Cassini Flies Toward a Fiery Death on Saturn

Cassini Flies Toward a Fiery Death on Saturn

Cassini Flies Toward a Fiery Death on Saturn

NASA is ending the mission becaise the spacecraft will become hard to control once the fuel gets too low, and scientists want to avoid the possibility of Cassini one day crashing into one of Saturn's moons so as not to disrupt future studies of those moons and their ability to sustain life. This time, Cassini will dive into the planet's atmosphere, sending science data for as long as its small thrusters can keep the spacecraft's antenna pointed at Earth. Cornell's Spacecraft Planetary Imaging Facility (SPIF) will display images of Saturn and its moons on its "magic planet" globe, and SPIF manager Zoe Ponterio will answer Cassini questions. Cassini's disposal in the atmosphere of Saturn is meant to safeguard the environment on those moons, preventing any contamination by an encounter with Cassini and its Earth bacteria. During the last five orbits, Cassini shall be the closest to Saturn's atmosphere and that's when it will take the final leap leaving behind huge chunks of data to be studied for a better understanding of the planet.
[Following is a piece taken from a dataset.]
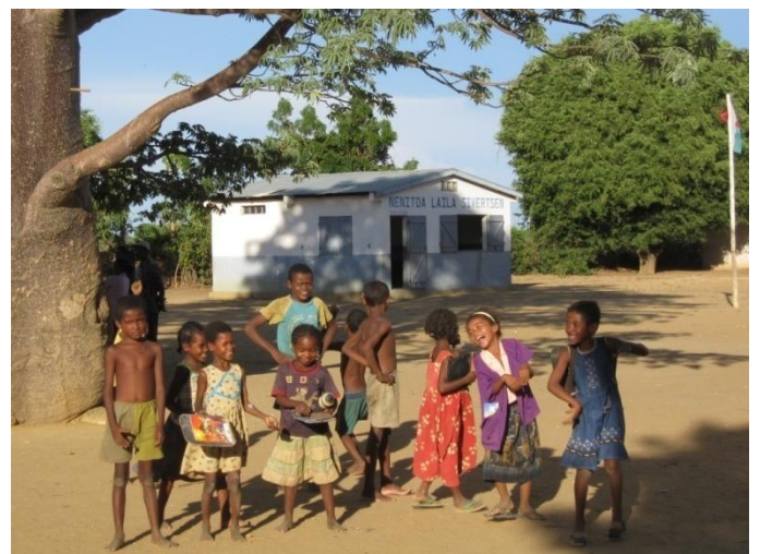
Glade skolebarn utenfor skolen i Vorehe.

Mikeafolket forble i skogen da koloniherrerne overtok makten mot slutten av det 19. århundre. De levde av det de fant i skogen, av rotfrukter, villsvin, perlehøns, villhonning og forskjellige frukter. Behovet for drikkevann fikk de dekket gjennom vannholdige rotfrukter. Flertallet kunne verken lese eller skrive, og dødeligheten var høy p.g.a. dårlig hygiene og mangel på helsetjeneste. Mange går i dag på skole, og et økende antall syke benytter seg av helsetilbudet i Vorehe.

"After spending more than a decade following the fantastic Cassini spacecraft, it's a great opportunity to celebrate the mission and team behind one of humanity's most profound journeys of exploration", said Wyatt Channell, executive producer at Science Channel.

As NASA noted on its website, "When Cassini ends, it will leave a rich scientific and engineering legacy". Launched on October 15, 1997, the mission entered orbit around Saturn on June 30, 2004 (PDT), carrying the European Huygens probe.

Cassini was sent to orbit Saturn with a mission to spend all its fuel on researching about Saturn and instead of coming back to Earth, its mission was to dive into Saturn's atmosphere once the fuel reaches its end. After its four-year prime mission, Cassini's tour was extended twice. Having expended nearly every bit of the rocket propellant it carried to Saturn, operators are deliberately plunging Cassini into the planet to ensure Saturn's moons will remain pristine for future exploration-in particular, the ice-covered, ocean-bearing moon Enceladus, but also Titan, with its intriguing pre-biotic chemistry. Its key discoveries were the ocean-bearing moon on Enceladus and the liquid methane seas on Titan.